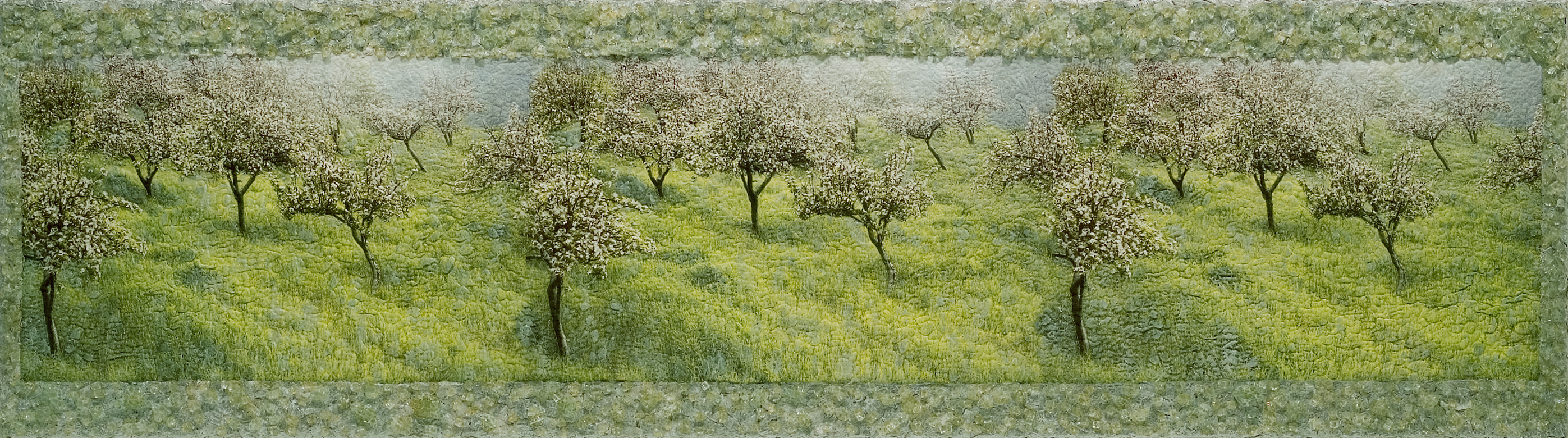 Helling met bloeiende amandelbomen in Andalusie (Spanje). Fotografie op textiel, met stikwerk, relief. Rand van stukjes glas
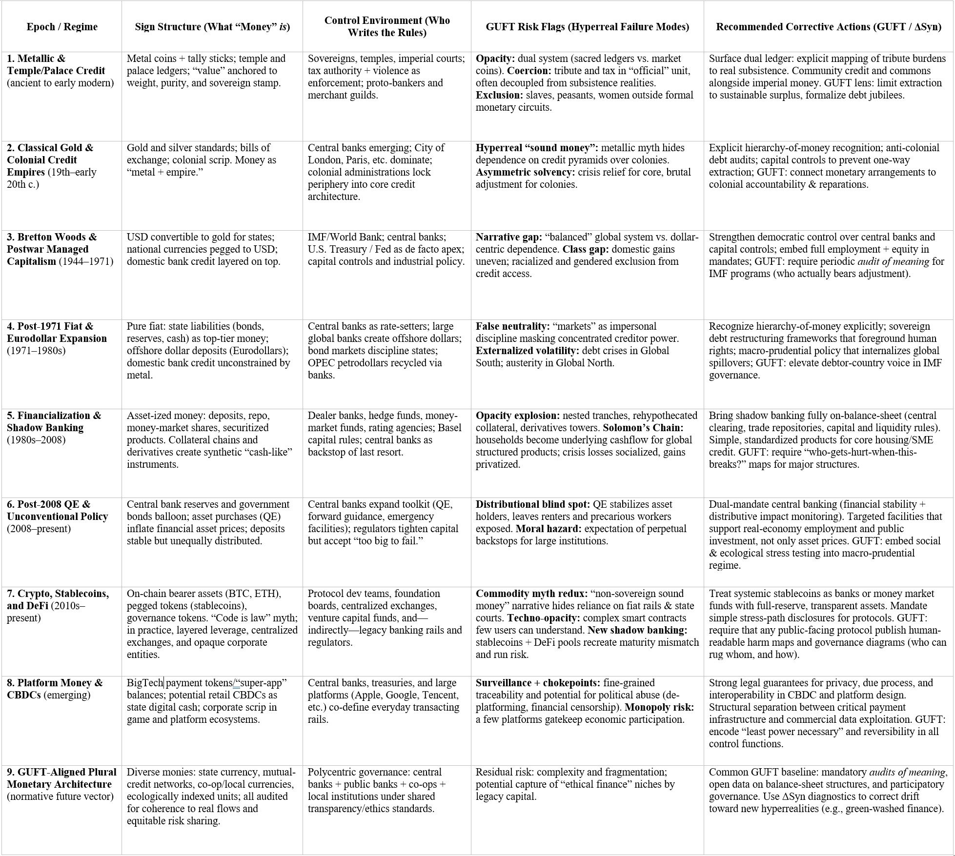 In crises, private promises at lower tiers are often converted into higher-tier assets through central bank backstops, emergency lending, and government guarantees. This behavior reveals what GUFT would call the true control structure: states and central banks are the ultimate writers of the monetary symbol set, even in ostensibly “market-driven” systems.
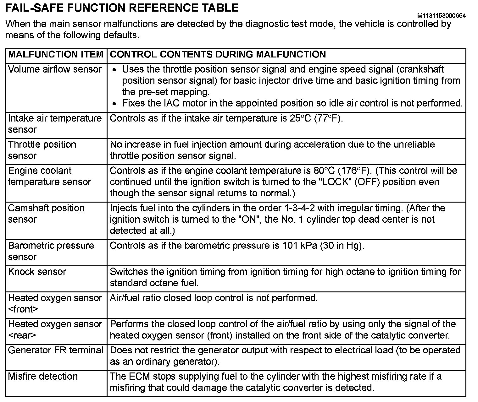 When the main sensor malfunctions are detected by the diagnostic test mode, the vehicle is controlled by means of the shown defaults.
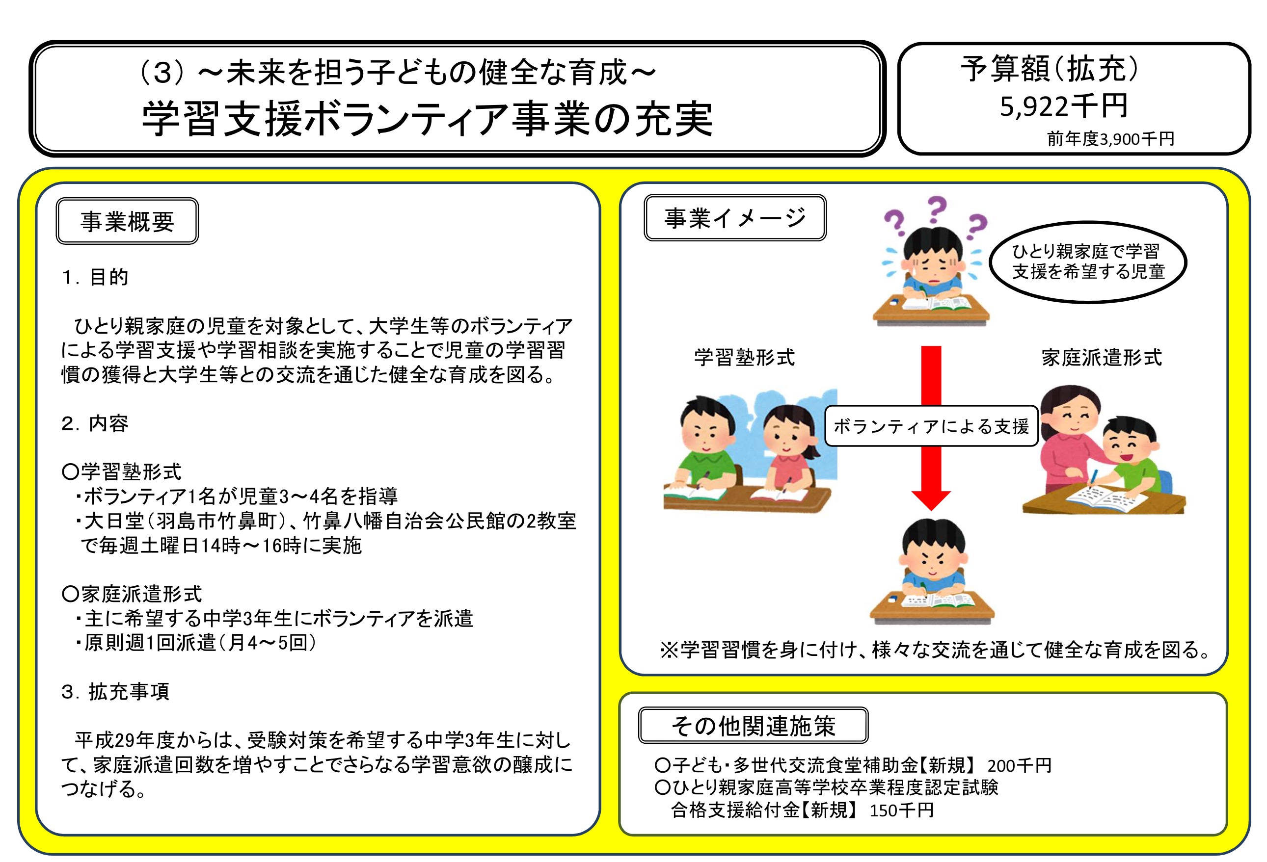 ~未来を担う子どもの健全な育成~学習支援ボランティア事業の充実ついて。
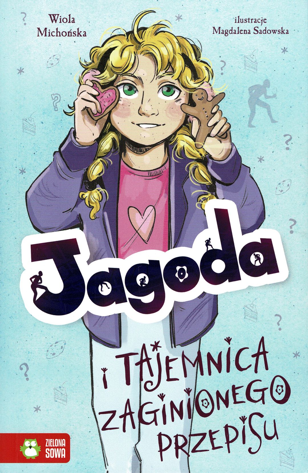 Ginie strona z przepisem na najsłynniejsze ciasto z cukierni pani Eli i pana Emila. Złodziej wyrwał kartkę z – przekazywanego od pokoleń – zeszytu z recepturami na wypieki. Wszystkie dzieciaki nadzieję na rozwiązanie tej zagadki pokładają w Jagodzie i Indze. Jednak tym razem dziewczynki zamierzają trzymać się z daleka od poszukiwania sprawcy kradzieży. Jak się okazuje, tropy same podsuwają są pod ich nosy… Jagoda to wygadana uczennica szkoły podstawowej, bohaterka serii detektywistyczno-przygodowej. Książki świetnie nadają się do samodzielnego czytania – wciągająca fabuła, duży font i dynamiczne ilustracje sprawiają, że trudno się od nich oderwać. Na końcu każdej z nich na czytelników czeka bonus w postaci zagadki, w której rozwiązaniu pomóc możemy Jagodzie.
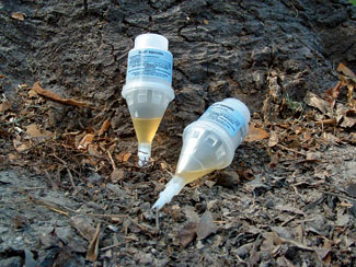 A capsule containing the desired chemical is attached to this feeder tube to allow the material to enter the tree. It is low pressure, with the intent that the tree will ingest the insecticide into its vascular system at its own rate.
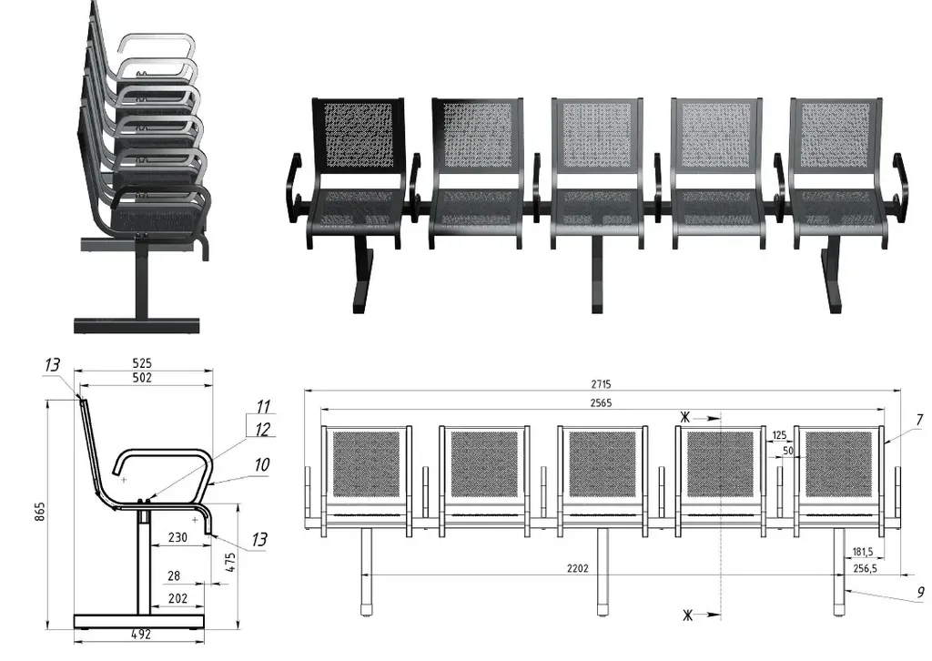 Многоместная секция из пяти стульев, Неразборная перфорированная секция из квадратной трубы, с высокой спинкой, с подлокотниками. Используемые материалы: Лист перфорированный 1мм. Нога 40*25*1,5мм. Балка 50*50 Размер спинки 363*300мм. Размер сиденья 363*340мм.
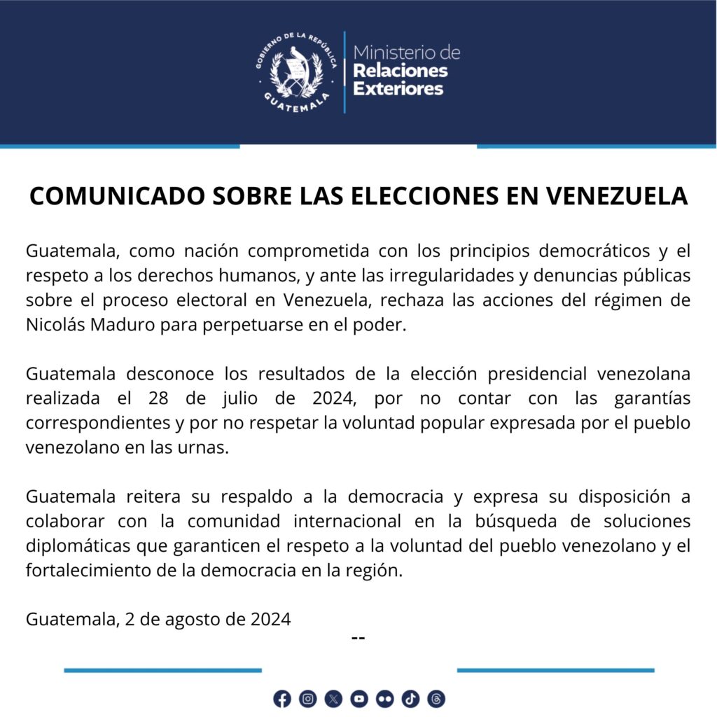El presidente Arévalo también condena la violencia que ha surgido en Venezuela tras las elecciones. «Nuestro Gobierno condena rotundamente la represión y violencia que ha desatado el Gobierno de Venezuela en contra de su propio pueblo, violencia que a la fecha ha dejado más de una decena de fallecidos», expresa Arévalo.
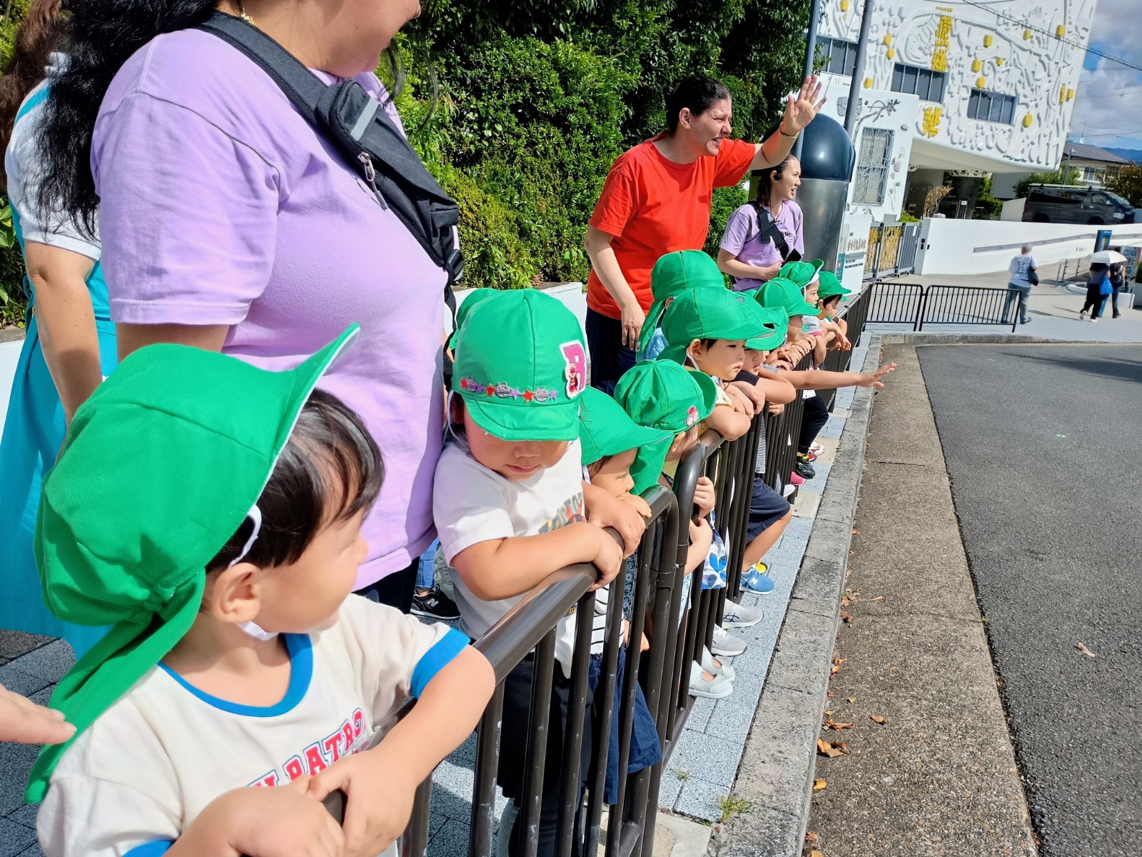 バス停では、バスやトラックの運転手さんに「バイバーイ!」と手を振り、笑顔で振り返してくれる運転手さんに大喜びの子どもたちがとても可愛かったです(^^)
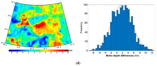 A principal theoretical deficiency of gravimetric methods for a Moho recovery is that the compensation depth does not necessarily agree with the Moho depth detected from the seismic data analysis []. This is particularly relevant for active convergent tectonic margins along the Himalayas []. Even possibly more stable orogenic structures in Tibet could isostatically be either under- or over-compensated []. Moreover, the isostatic mass balance not only takes place within the crust, but eventually within the whole lithosphere, while also reflecting the lithospheric density structure []. Another important aspect limiting a practical use of gravity data is the existence of some complex features in the Moho geometry detected from seismic data that cannot realistically be modeled by applying isostatic schemes. The work in [], for instance, demonstrated the existence of a progressive bending of the Moho in the west-east direction across Tibet. The work in [] indicated that a Moho structure beneath Tibet can be very complicated and has strong lateral variations. They also suggested that a detailed mapping of the Moho topography is only possible with 2D dense seismic experiments. Since the Moho locally deepens perpendicular to the direction of the Indian plate motion, [] proposed that the lower crustal deformation is decoupled from the underlying Indian mantle lithosphere. More recently, [] demonstrated a significant segmentation of the lower crust in western Tibet. Such factors often cause large discrepancies between gravimetric and seismic Moho models. According to [], these differences in China are mostly within 3–5 km, but locally could reach (or even exceed) 15 km, especially in the Himalayas and Tibet.
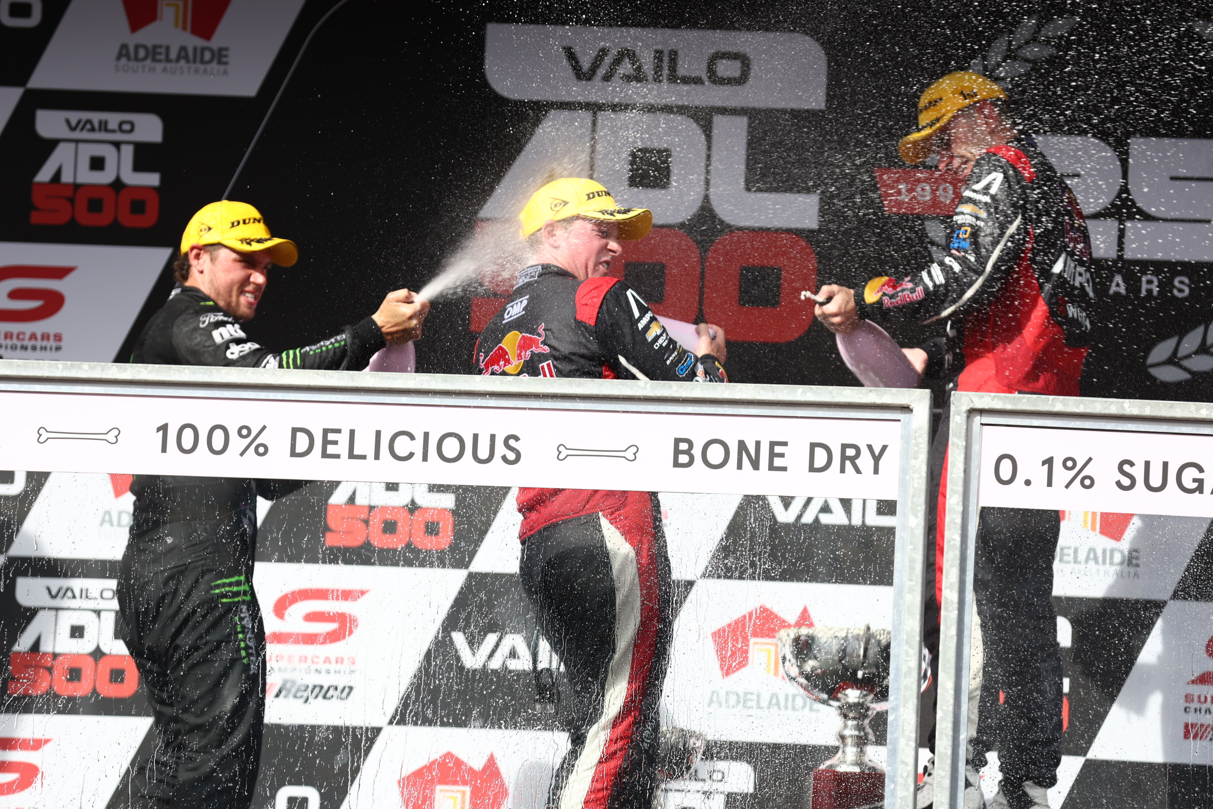 The issue was that the top three were supposed to pull up on the front straight after the race, however they all pulled into pit lane instead.
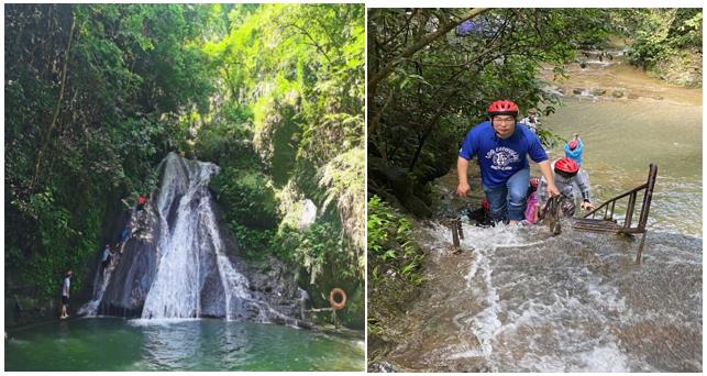 第二天上午,我们先去游玩古东森林瀑布,它是由地下涌泉形成的因钙化可以长高的多级串联瀑布,也是一个可以攀爬的瀑布。瀑布从高崖飞落而下,形成一道水帘,仿佛一张素洁的锦缎,等待心灵手巧的姑娘去编织美丽的图案。大家纷纷换上草鞋和头盔,迫不及待地与瀑布亲密接触,与水花亲热拥抱。泉水清澈见底,空气清新,俨然一个天然的氧吧,让人神清气爽。

§

WHAT THE TASK REQUIRES: Each line between the one holding "Ginie strona z" and the one holding "Многоместная секция из", inclusive, should be copied exactly as it appears above, and pictures should be omitted.

FINISHED TASK:
 Ginie strona z przepisem na najsłynniejsze ciasto z cukierni pani Eli i pana Emila. Złodziej wyrwał kartkę z – przekazywanego od pokoleń – zeszytu z recepturami na wypieki. Wszystkie dzieciaki nadzieję na rozwiązanie tej zagadki pokładają w Jagodzie i Indze. Jednak tym razem dziewczynki zamierzają trzymać się z daleka od poszukiwania sprawcy kradzieży. Jak się okazuje, tropy same podsuwają są pod ich nosy… Jagoda to wygadana uczennica szkoły podstawowej, bohaterka serii detektywistyczno-przygodowej. Książki świetnie nadają się do samodzielnego czytania – wciągająca fabuła, duży font i dynamiczne ilustracje sprawiają, że trudno się od nich oderwać. Na końcu każdej z nich na czytelników czeka bonus w postaci zagadki, w której rozwiązaniu pomóc możemy Jagodzie.
 A capsule containing the desired chemical is attached to this feeder tube to allow the material to enter the tree. It is low pressure, with the intent that the tree will ingest the insecticide into its vascular system at its own rate.
 Многоместная секция из пяти стульев, Неразборная перфорированная секция из квадратной трубы, с высокой спинкой, с подлокотниками. Используемые материалы: Лист перфорированный 1мм. Нога 40*25*1,5мм. Балка 50*50 Размер спинки 363*300мм. Размер сиденья 363*340мм.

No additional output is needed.